Where does ocean warming come from?

The most worrying aspect is that this heating is incredibly fast. To quantify it, the authors of the study started from the energy imbalance of the Earth, that is the difference between the amount of heat that the Planet receives from the Sun and what is reflected in space.

Most of the solar radiation, 89 percent, is absorbed by the ocean masses. The result: in 15 years we have doubled the Earth’s energy balance. The amount of heat absorbed in the last three decades is almost equal to that retained in the previous 45 years. And in the last 40 years the warming of the oceans is increased of +0.6°C, two thirds of the recorded total increment from 1850 to today (+0.9°C). Between 1971 and 2020, the heating rate averaged 0.48±0.1 W m2. But since 2005 the value has risen to 0.76±0.2 W m2.

A key climate indicator

What does it depend on? Is there the hand of man or is it just a phenomenon linked to the natural variability of the Planet? Or a mix of the two causes? Scientists do not yet have an answer, but, data in hand, stress that the Earth’s energy balance should automatically enter among the indicators used by climate diplomacy to calculate the results on emissions and calibrate future actions.

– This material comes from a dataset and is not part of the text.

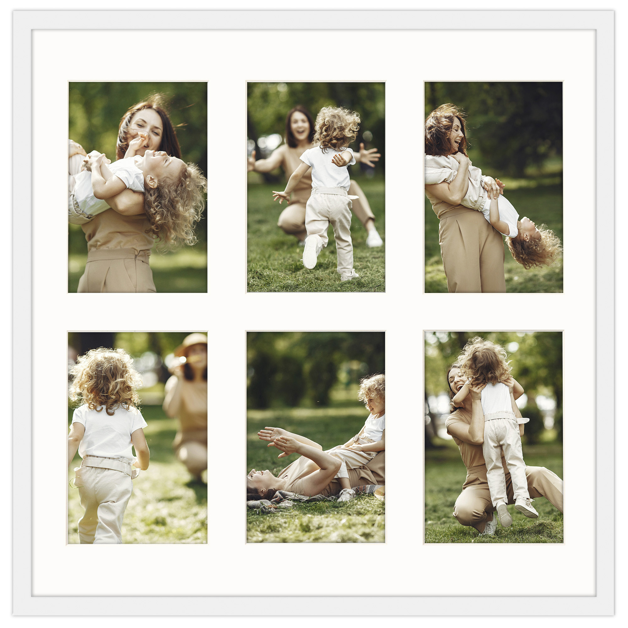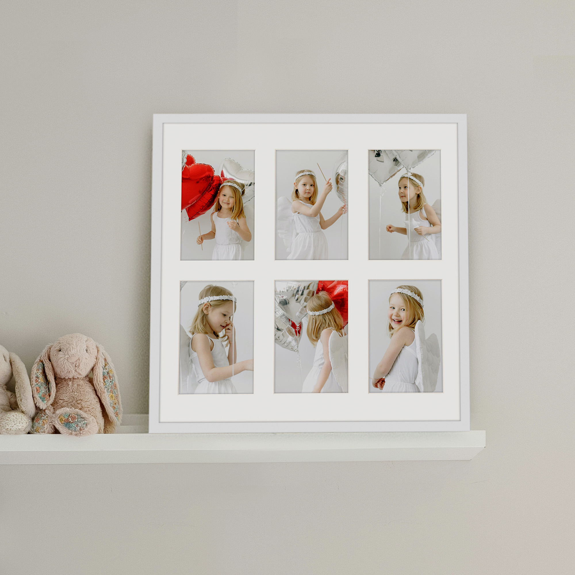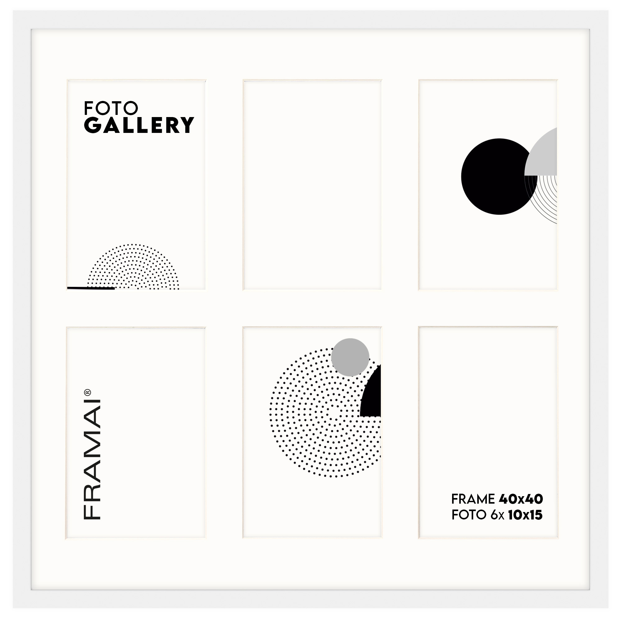 Ramka na 6 zdjęć - Foto Galeria 40x40 cm (wymiar ramy wewnętrzny) w kolorze białym odpowiednia do oprawy sześciu zdjęć o formacie 10x15 cm. Kolor ramki biały z jasnym Passe Partout

read also Water, bacteria, CO2: warming oceans damage climate

The Earth’s energy imbalance is the most fundamental global climate indicator that the scientific community and the public can use as a measure of how well the world is doing in the task of bringing anthropogenic climate change under control”, write the authors. “Moreover, this indicator is highly complementary to others already established, such as the global average surface temperature, as it represents a robust measure of the rate of climate change and the future one to which we are already bound today“.